It is oil, stupid. The one big factor roiling markets across the world is the price of crude oil, which has been spiralling and pushing inflation to record highs.
The price forecast for arguably the world’s most-watched commodity is at par with the wild swings of the equity market—close to $400 a barrel in the worst-case scenario and below $100 in a better situation.
Sunil Singhania, Founder of Abakkus Asset Manager, is firmly in the second camp that believes crude higher production and tapering of demand will cool crude.
He said there were indications of countries like Venezuela, Iran and Iraq increasing production.

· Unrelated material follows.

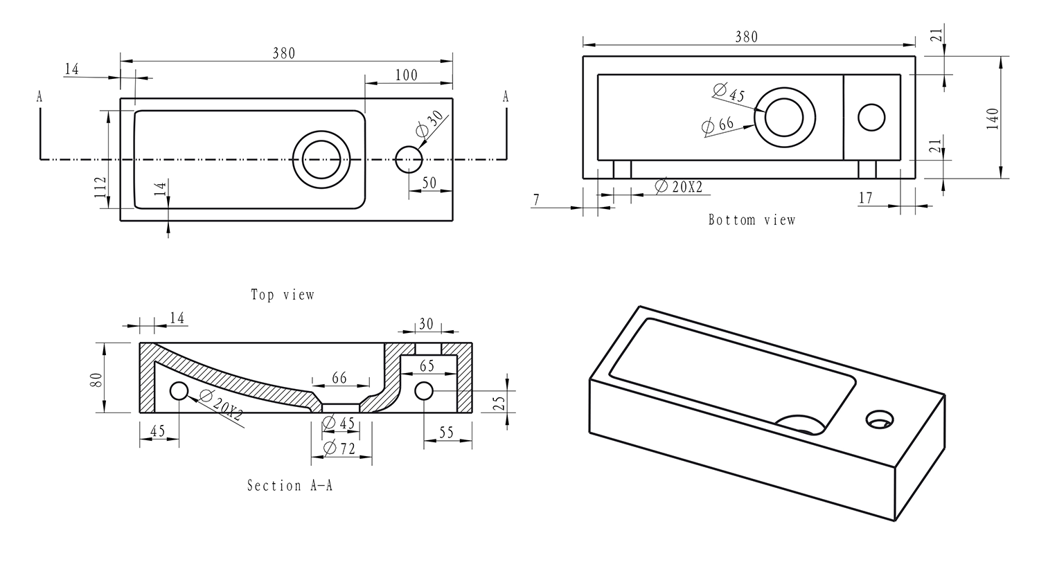 BLOK kamenné umývátko 38x14cm, baterie vpravo, antracit

At the same time, shale oil production in the US was also up compared to the last year.
“There is a possibility that in the next three-four months, 1-1.5 million barrels a day come from shale oil production,” Singhania told CNBC-TV18 on July 4.

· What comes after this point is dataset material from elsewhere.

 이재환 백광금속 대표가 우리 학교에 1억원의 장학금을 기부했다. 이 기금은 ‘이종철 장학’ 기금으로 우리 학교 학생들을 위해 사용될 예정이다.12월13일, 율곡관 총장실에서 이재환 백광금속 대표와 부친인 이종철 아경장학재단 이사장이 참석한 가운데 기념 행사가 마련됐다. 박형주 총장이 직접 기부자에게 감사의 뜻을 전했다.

“There is a possibility of at least 2-3 percent reduction in demand,” he added, citing high pump rates in most countries.
His comments come at a time when crude prices are hovering upwards of $110. Several Organization of the Petroleum Exporting Countries member have said they don’t have spare capacity to increase production.

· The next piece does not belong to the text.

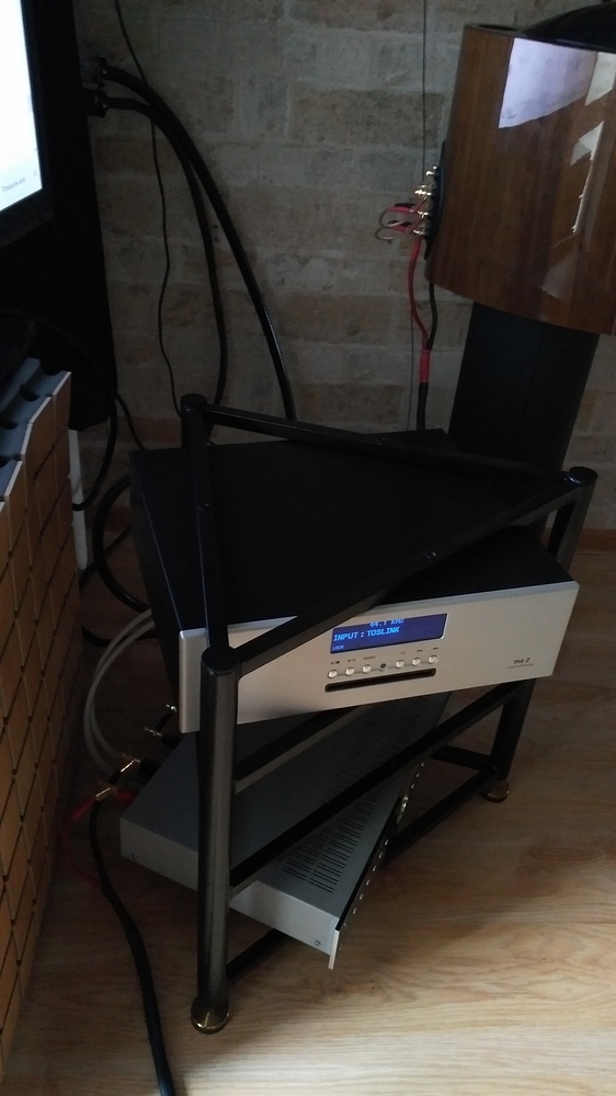 У меня ДК и стерео в одной стойке. Еще в начале формирования системы после очень долгих и мучительных раздумий и поисков была куплена Atacama AV и две дополнительные полки к ней. На рынке крайне мало стоек, в которые можно поместить тяжелые и высокие компоненты с глубиной курпуса 50 сантиметров, и которые стоят не как мотоцикл…

The scarcity of oil in the international market is largely due to Western sanctions against Russia, which used to meet a large chunk of the Europe’s energy demand.
Jefferies Global Head of Equities Chris Wood has said the world is overlooking a big trend in its crude oil projections.
“What is perhaps not receiving enough attention is that Russia has been incrementally reducing gas supplies to Europe, most particularly to Germany, to obtain maximum leverage in terms of its bargaining power,” Wood said in his latest newsletter.
“The estimate is that Russia’s gas supplies to Germany have already declined by 60 percent…(this means we are) hearing growing talk of Europe, and European businesses, facing the prospect of energy rationing,” he said.
Such a situation will fan the fire in the international crude market. The situation will worsen if Moscow goes for an output cut.
JP Morgan, in a recent note, said Russia can afford to slash daily crude production by 5 million barrels without excessively damaging the economy, and if that happens, crude can hit $380 a barrel. If the output cut is 3 million barrels a day, prices will soar to $190 a barrel, it said.
Singhania, however, is convinced that crude should come down to $70-80 a barrel. He believes the only reason for it not to fall would be geopolitical issues in West Asia, particularly the UAE and Saudi Arabia, which account for a sizable chunk of India's imports.